1 College of Computer Science and Information Systems, Najran University, Najran, 61441, Saudi Arabia
2 Department of Computer Science and Information Technology, University of Sargodha, Sargodha, 40100, Pakistan
3 School of Systems and Technology, University of Management and Technology, Lahore, 54782, Pakistan
4 Department of Computer Science, COMSATS University Islamabad, Wah Campus, Islamabad, 47040, Pakistan
5 Department of Medical Imaging, King Khaled Hospital, Najran, 61441, Saudi Arabia
6 Electrical & Electronics Engineering Department, Universiti Teknologi, Petronas, 31750, Malaysia
7 Department of Electrical Engineering, HITEC University, Taxila, 47080, Pakistan

* Corresponding Author: Muhammad Ramzan.

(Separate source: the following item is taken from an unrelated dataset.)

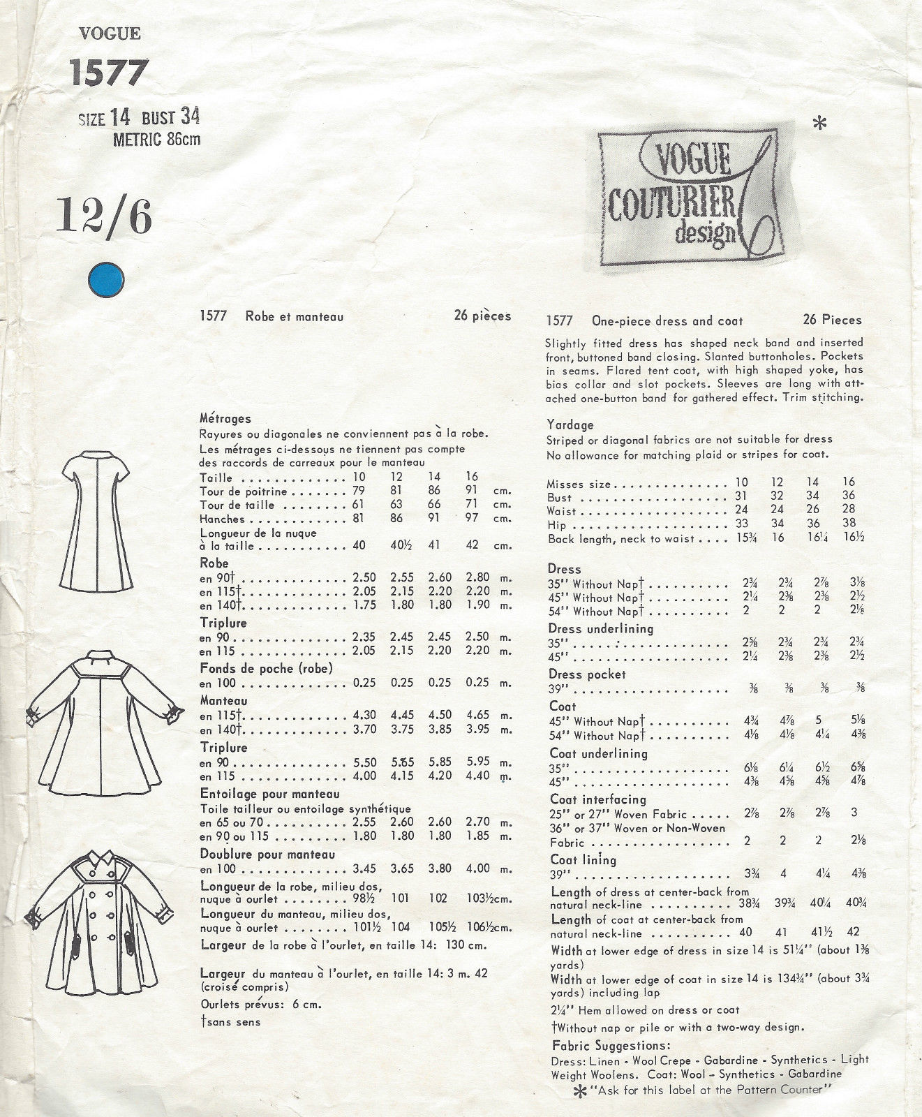 1965 Vintage VOGUE Sewing Pattern B34″ COAT & DRESS (1318) By Fabiani of Italy

Email: email

Intelligent Automation & Soft Computing 2023, 35(2), 1721-1736. https://doi.org/10.32604/iasc.2023.025597

Abstract

Coronavirus (COVID-19 or SARS-CoV-2) is a novel viral infection that started in December 2019 and has erupted rapidly in more than 150 countries. The rapid spread of COVID-19 has caused a global health emergency and resulted in governments imposing lock-downs to stop its transmission. There is a significant increase in the number of patients infected, resulting in a lack of test resources and kits in most countries. To overcome this panicked state of affairs, researchers are looking forward to some effective solutions to overcome this situation: one of the most common and effective methods is to examine the X-radiation (X-rays) and computed tomography (CT) images for detection of Covid-19. However, this method burdens the radiologist to examine each report. Therefore, to reduce the burden on the radiologist, an effective, robust and reliable detection system has been developed, which may assist the radiologist and medical specialist in effective detecting of COVID. We proposed a deep learning approach that uses readily available chest radio-graphs (chest X-rays) to diagnose COVID-19 cases. The proposed approach applied transfer learning to the Deep Convolutional Neural Network (DCNN) model, Inception-v4, for the automatic detection of COVID-19 infection from chest X-rays images. The dataset used in this study contains 1504 chest X-ray images, 504 images of COVID-19 infection, and 1000 normal images obtained from publicly available medical repositories. The results showed that the proposed approach detected COVID-19 infection with an overall accuracy of 99.63%.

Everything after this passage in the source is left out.